Na, z.B. brauchst du nicht mit zwei Streams zu hantieren.

Aber, es ging mir nicht nur um Performanz (oder, wenn du magst: Performance), sondern darum, dass man das Problem auch anders lösen kann.

BTW: "Buffered" ist im Regelfall meist ein "wenig" schneller.


----------



## Beni (25. Okt 2004)

Wobei allerdings das Umwandeln von einem Bit-Stream in ein Bild (besonders wenn es komprimiert wurde, wie z.B. JPEG) auch aufwendig sein kann ;-) 

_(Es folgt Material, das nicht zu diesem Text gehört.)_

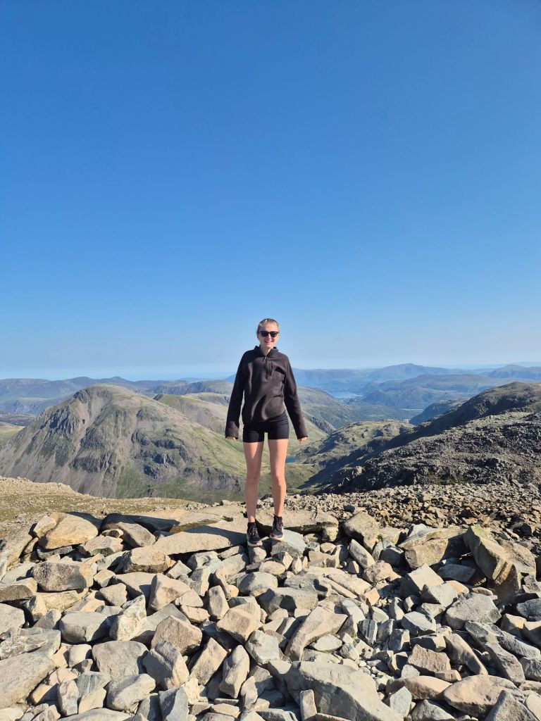 I also headed to the Lake District, for a reunion camping trip with my uni friends! We secured a really cute little camp site, and made a very successful camp for ourselves (which is quite impressive as in previous years, we’ve forgotten the tent poles!). Our first day in the Lake was spent swimming in the lake, and heading on a really cute little hike to a local waterfall, before heading to a place called boot, for a post hike pint! The next day was an early rise, hiking up Scarfell Pike. We were very blessed with the weather, with clear skies and lovely views of the lake below. Me and Liv hiked up together, before getting to the top and making some companions, where I traded biscuits for a cup of tea (a great deal!). We all then hiked down and headed back to camp, but not before a stop at a local pub for a pint of apple juice and an unreal roast dinner (SERIOUSLY GOOD!). The evening was spent eating bbq food and chit chatting about life, before heading home the next day.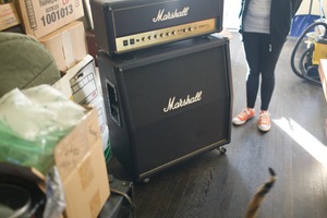 A Marshall amplifier stands boldly amidst an assortment of cluttered boxes and belongings, hinting at a vibrant musical spirit trapped in a cozy, chaotic space. The warm, natural light spills into the room, creating a nostalgic atmosphere while highlighting a figure in playful orange sneakers, embodying both youth and creativity. This juxtaposition of the powerful amplifier and the disordered environment evokes a sense of anticipation, as if music is just waiting to break free.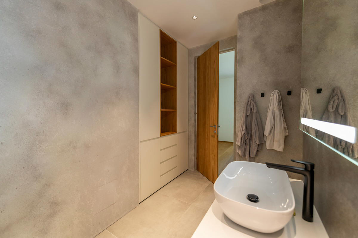 The warmth of wood, white surfaces and Kerrock composite material in the bathrooms create a pleasant and relaxing ambience.

Ich wäre nicht auf die Idee gekommen :applaus: , aber sie hat einen gravierenden Nachteil: sie funktioniert nur mit Bildern... (was ist im Textdateien? :wink: )


----------



## abollm (25. Okt 2004)

Die Aufgabe hier lautete ja, Bilder zu kopieren (schau einmal nach oben in das Ausgangsposting).


----------



## Sky (25. Okt 2004)

abollm hat gesagt.:
			
		

> Die Aufgabe hier lautete ja, Bilder zu kopieren (schau einmal nach oben in das Ausgangsposting).



Trotzdem ist eine generische Lösung, die auch andere Dateien kopieren kann, m.E. besser, da wiederverwendbar. Ich bin der Auffassung, dass man als Entwickler auch mal ein wenig über den Tellerrand der gestellen Aufgabe gucken sollte ;-)


----------